# Here I am with my new lil girl Robin



## jdgray716 (Aug 8, 2008)

I just love her...


----------



## StaceyRosado (Oct 5, 2007)

cute picture --- second one you probably moved it after you posted the link ??


----------



## BetterBuckskins (Feb 1, 2009)

What a cutie!


----------



## jdgray716 (Aug 8, 2008)

Not sure Stacie, I even deleted it and added it again and it still comes up that way. I will try again.

Oh, and thanks!


----------



## jdgray716 (Aug 8, 2008)

Don't know even uploaded a new file to get a new address and nothing still? Oh well...?


----------



## StaceyRosado (Oct 5, 2007)

I can see it :thumb:


----------



## kelebek (Oct 5, 2007)

Both pictures are just adorable!!! nothing like a MAN and his goat - :ROFL: 

I wish my husband loved the goats - but after moving just half on the yearly hay this year - he is hating the goats even more.


----------



## jdgray716 (Aug 8, 2008)

To be honest, I am not sure what life would be like now without them. I love them so much...hehe


----------



## goatbless (Jan 10, 2009)

She has such a sweet face- love the pics.


----------



## liz (Oct 5, 2007)

Awwwwww......purty girl  

It's great to see that there are guys out there that love their goaties the way we girls do.


----------



## RowdyKidz (Apr 2, 2009)

Way cute!  Congrats on your new girl!


----------



## Epona142 (May 26, 2008)

Great pictures!


----------



## StaceyRosado (Oct 5, 2007)

you know -- guys love their animals but for some reason few are willing to admit it. I dont get it :shrug: it actually makes them seem more likable in my oppion then stuck up and selfish. But thats just my oppion and observation (I am a Yankee and surrounded by them unfortunately  some are ok I guess ...... )


----------



## toth boer goats (Jul 20, 2008)

Aww...JD ........you both...are so cute together......  :greengrin:


----------



## jdgray716 (Aug 8, 2008)

Thanks all, I really love her too.

As for me being a "guy" that is debatable according to my father. LOL He always says I remind him of an ex-wife. LOL Guess that is why we clash so much. Honestly, I could care less what people think of me. I am who I am and love who I love. Even if it is a goat. LOL

My brother taught me a long time ago. If they don't pay your bills, feed you, sleep in your bed, or put a roof over your head. Who gives a hoot what others think. LOL Of course it was not so nicely put. LOL


----------



## powderhooves (Jan 30, 2009)

What a beautiful little girl! Congratulations!


----------



## kelebek (Oct 5, 2007)

I agree totally with you about if they don't do something for ya - then who cares - but I really think it shouldn't matter anyway..... if it makes you happy - GO FOR IT!!!!

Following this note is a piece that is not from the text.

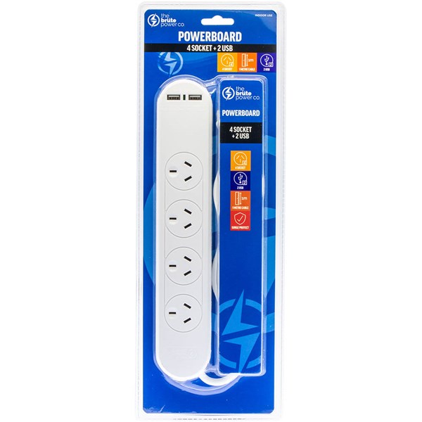 powerboard comes with four power outlets and dual USB ports

So what does your "other half" think of your goatie fetish?? :ROFL:


----------



## jdgray716 (Aug 8, 2008)

Well, it depends on the day really. Honestly there is much joy gotten from them but I think I am a little obsessed and it can drive someone nuts if that's all they hear and they are not where you are with goats. LOL


----------



## ChestnutGrove (Apr 30, 2009)

I just love her face - she is pretty girl!


----------



## cdtrum (Aug 25, 2008)

I get told a lot that I love my goats more then hubby, he asked me the other day if I wanted him to build me a bunk in the barn with them......not a bad idea! Being out in the barn with my boys is so peaceful and serene for me, it's my haven! 

But hubby doesn't fool me........he loves them to.......they think of him as the treat man! They even know what hand to go for when he comes out there..........while I was gone to my son's for a week, he took excellent care of them! He is so loving to them and talks all mushy to them until one of his guy friends comes out to the farm........but that's ok, I know how he really feels  !

Oops, almost forgot.......your new baby girl is precious!


----------



## ChestnutGrove (Apr 30, 2009)

My idea of an ideal barn and stable is one with sleeping quarters and a bathroom  I love the stables that have livingquarters above and a nice restroom on the stable floor - talk about nice! Would be great for kidding season!


----------



## bheila (Jan 10, 2009)

You 2 are ADORABLE :stars:


----------